━━ Data for processing

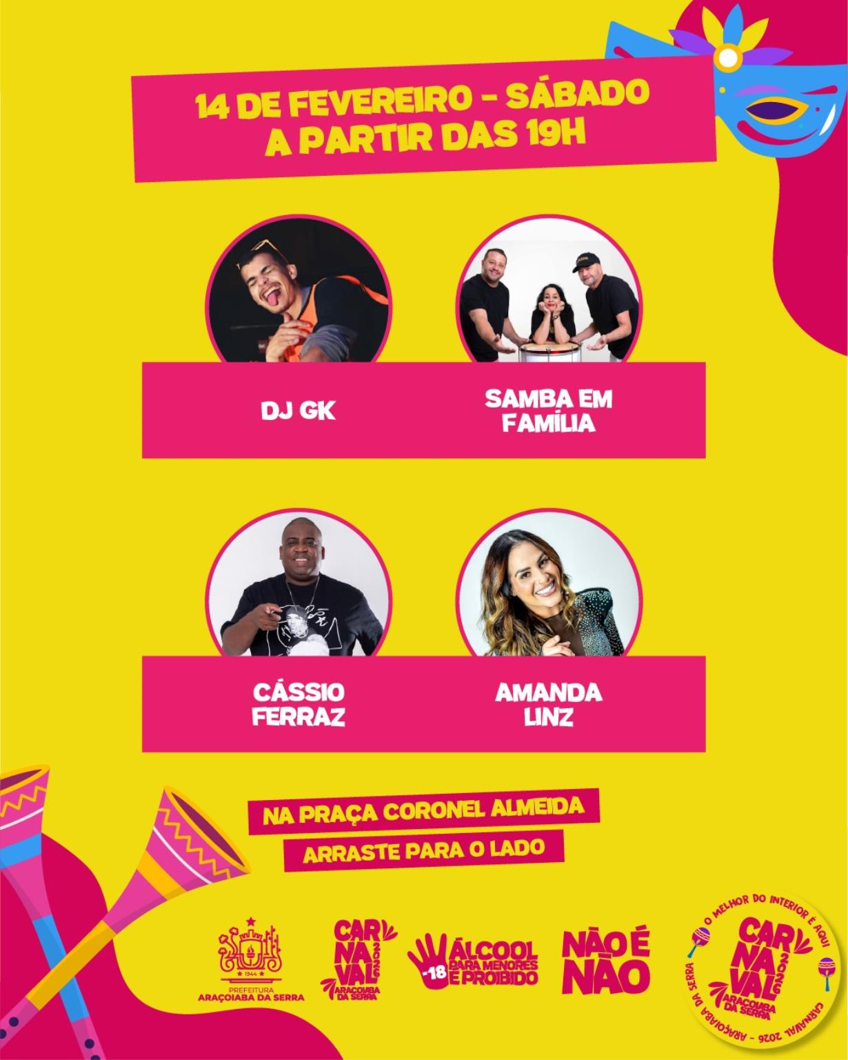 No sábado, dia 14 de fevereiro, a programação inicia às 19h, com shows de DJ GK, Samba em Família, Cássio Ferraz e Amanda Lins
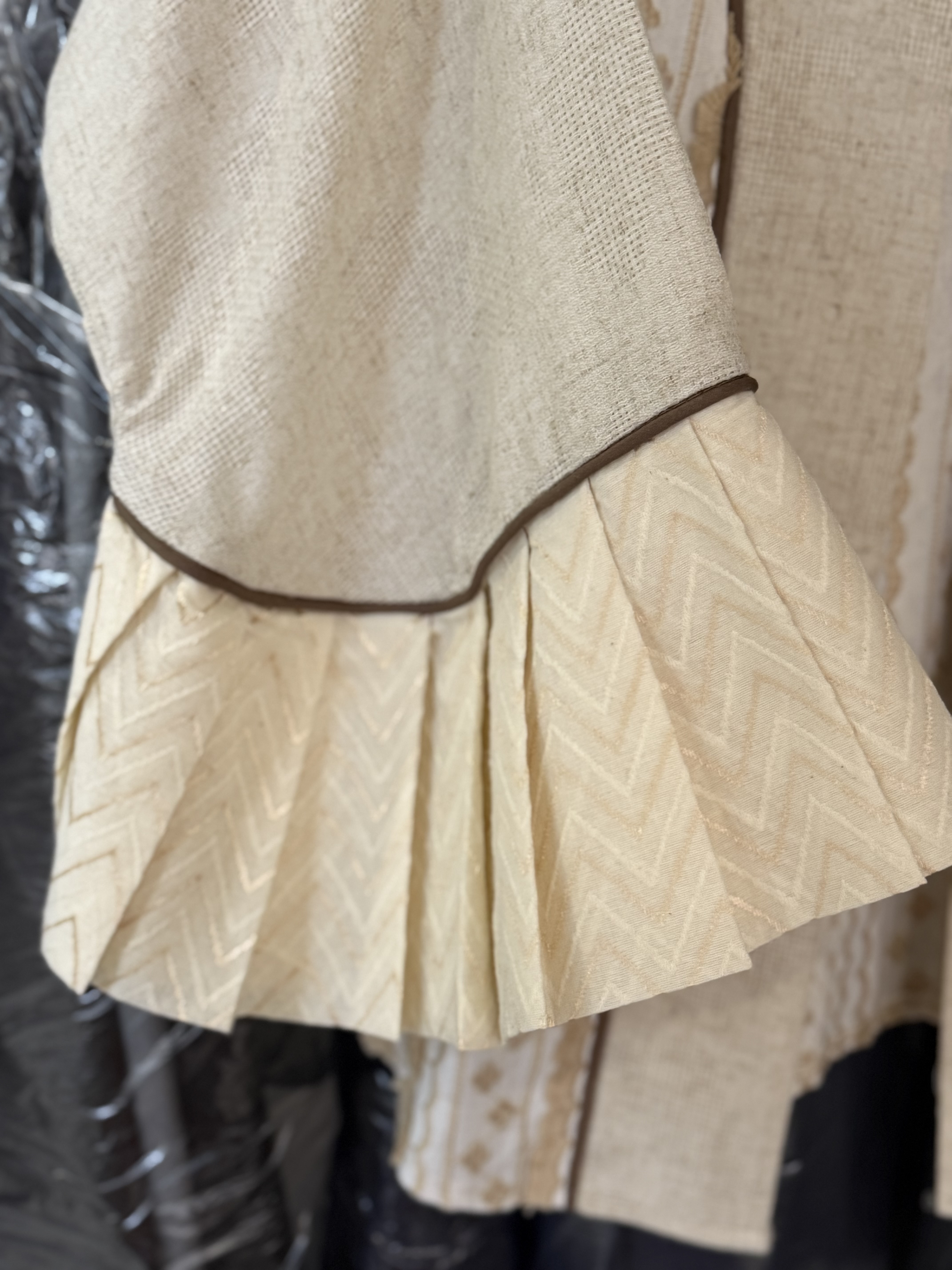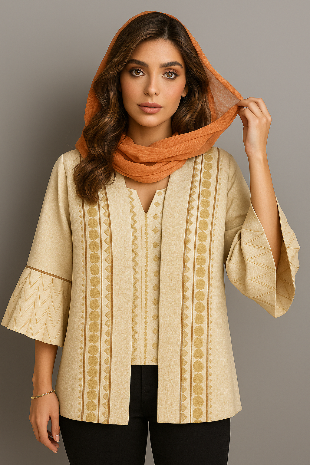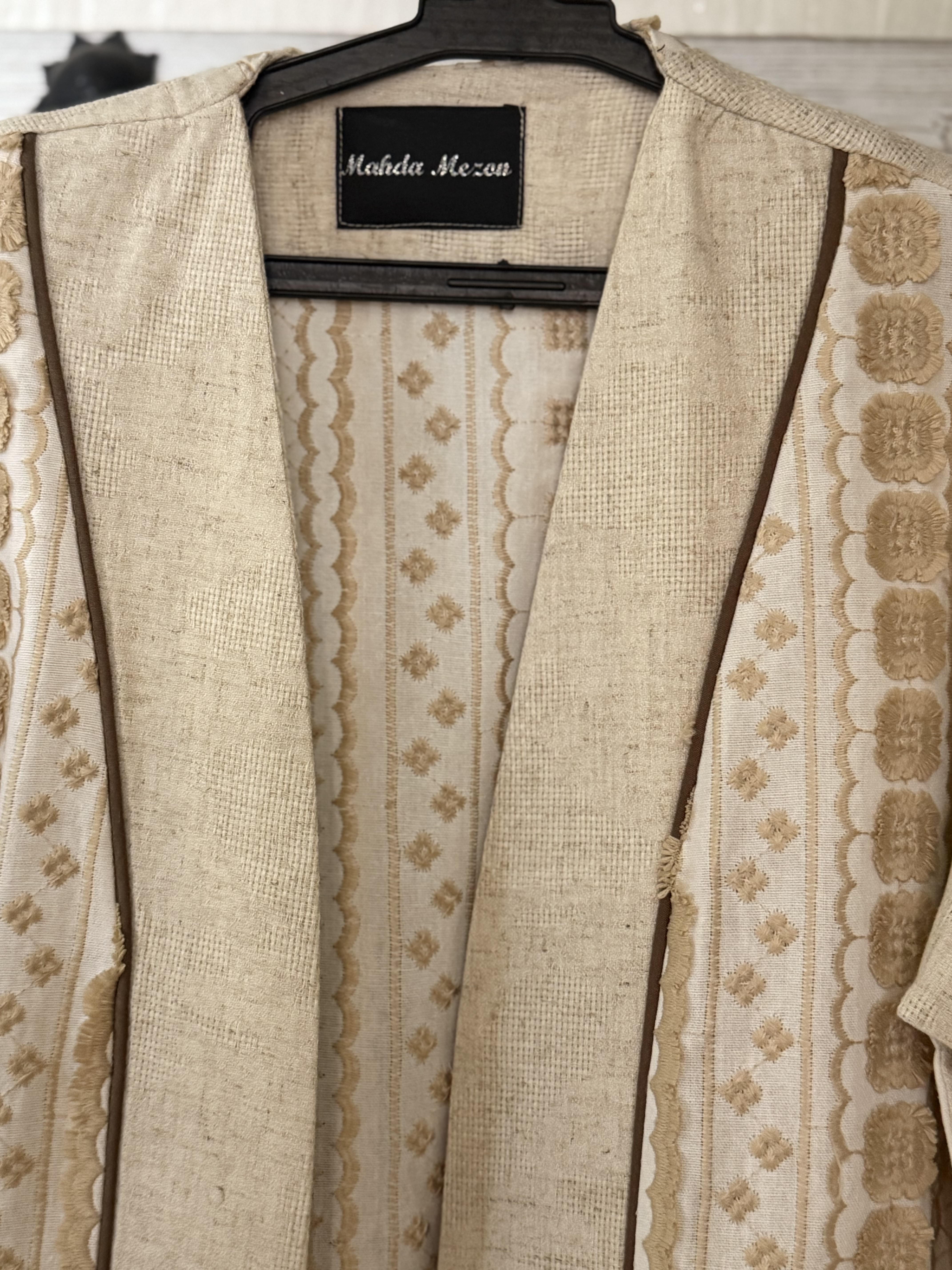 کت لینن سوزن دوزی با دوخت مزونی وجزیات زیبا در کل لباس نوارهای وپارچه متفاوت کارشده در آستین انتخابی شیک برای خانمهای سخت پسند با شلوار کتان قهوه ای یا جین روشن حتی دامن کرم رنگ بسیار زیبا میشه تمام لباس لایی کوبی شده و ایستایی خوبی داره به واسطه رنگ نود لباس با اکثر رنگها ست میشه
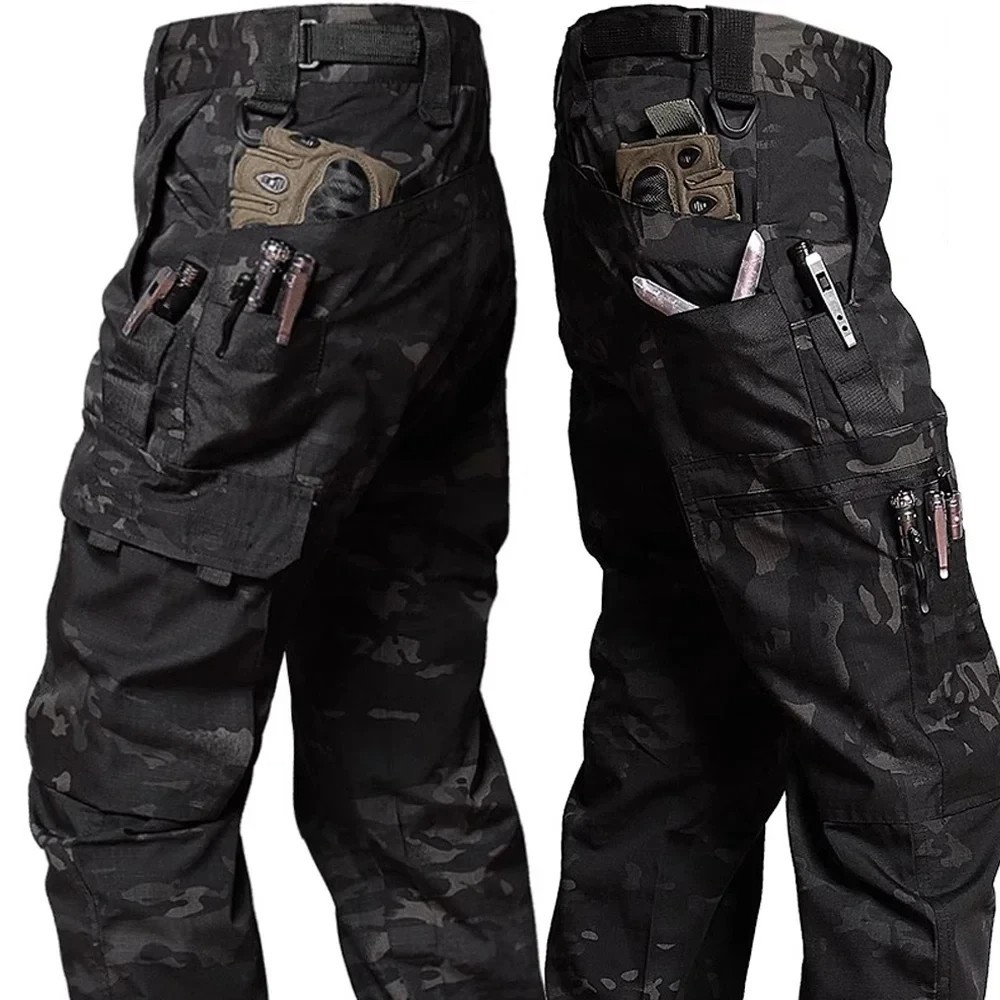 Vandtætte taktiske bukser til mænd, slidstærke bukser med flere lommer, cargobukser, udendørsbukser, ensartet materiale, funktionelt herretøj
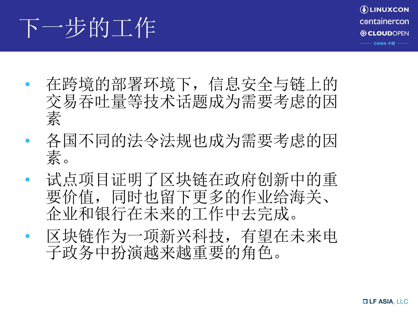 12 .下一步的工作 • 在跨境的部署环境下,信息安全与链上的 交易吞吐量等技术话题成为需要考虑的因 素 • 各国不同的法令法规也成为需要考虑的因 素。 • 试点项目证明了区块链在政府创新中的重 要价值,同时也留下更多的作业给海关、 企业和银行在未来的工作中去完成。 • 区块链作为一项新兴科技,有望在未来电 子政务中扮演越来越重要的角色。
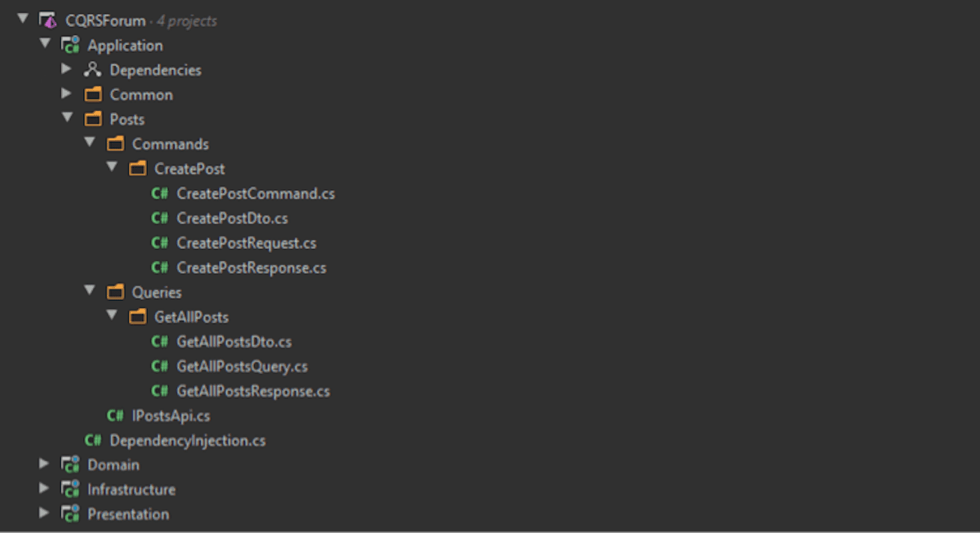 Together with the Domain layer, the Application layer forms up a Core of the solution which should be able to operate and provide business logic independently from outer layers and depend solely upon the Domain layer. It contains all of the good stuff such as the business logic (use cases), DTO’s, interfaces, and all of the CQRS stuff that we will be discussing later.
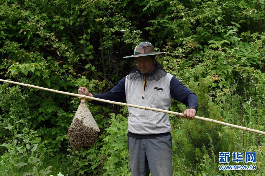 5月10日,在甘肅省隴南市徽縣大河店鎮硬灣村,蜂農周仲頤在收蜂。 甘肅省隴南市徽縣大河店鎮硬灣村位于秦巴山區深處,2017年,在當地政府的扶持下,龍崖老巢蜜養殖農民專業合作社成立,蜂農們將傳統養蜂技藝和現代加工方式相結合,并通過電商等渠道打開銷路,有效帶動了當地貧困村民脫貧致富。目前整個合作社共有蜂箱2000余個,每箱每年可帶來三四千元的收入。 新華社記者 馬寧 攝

━━━━

• Task
Word for word, return the entries above, but without any pictures.

• The completed task
 No sábado, dia 14 de fevereiro, a programação inicia às 19h, com shows de DJ GK, Samba em Família, Cássio Ferraz e Amanda Lins
 کت لینن سوزن دوزی با دوخت مزونی وجزیات زیبا در کل لباس نوارهای وپارچه متفاوت کارشده در آستین انتخابی شیک برای خانمهای سخت پسند با شلوار کتان قهوه ای یا جین روشن حتی دامن کرم رنگ بسیار زیبا میشه تمام لباس لایی کوبی شده و ایستایی خوبی داره به واسطه رنگ نود لباس با اکثر رنگها ست میشه
 Vandtætte taktiske bukser til mænd, slidstærke bukser med flere lommer, cargobukser, udendørsbukser, ensartet materiale, funktionelt herretøj
 12 .下一步的工作 • 在跨境的部署环境下,信息安全与链上的 交易吞吐量等技术话题成为需要考虑的因 素 • 各国不同的法令法规也成为需要考虑的因 素。 • 试点项目证明了区块链在政府创新中的重 要价值,同时也留下更多的作业给海关、 企业和银行在未来的工作中去完成。 • 区块链作为一项新兴科技,有望在未来电 子政务中扮演越来越重要的角色。
 Together with the Domain layer, the Application layer forms up a Core of the solution which should be able to operate and provide business logic independently from outer layers and depend solely upon the Domain layer. It contains all of the good stuff such as the business logic (use cases), DTO’s, interfaces, and all of the CQRS stuff that we will be discussing later.
 5月10日,在甘肅省隴南市徽縣大河店鎮硬灣村,蜂農周仲頤在收蜂。 甘肅省隴南市徽縣大河店鎮硬灣村位于秦巴山區深處,2017年,在當地政府的扶持下,龍崖老巢蜜養殖農民專業合作社成立,蜂農們將傳統養蜂技藝和現代加工方式相結合,并通過電商等渠道打開銷路,有效帶動了當地貧困村民脫貧致富。目前整個合作社共有蜂箱2000余個,每箱每年可帶來三四千元的收入。 新華社記者 馬寧 攝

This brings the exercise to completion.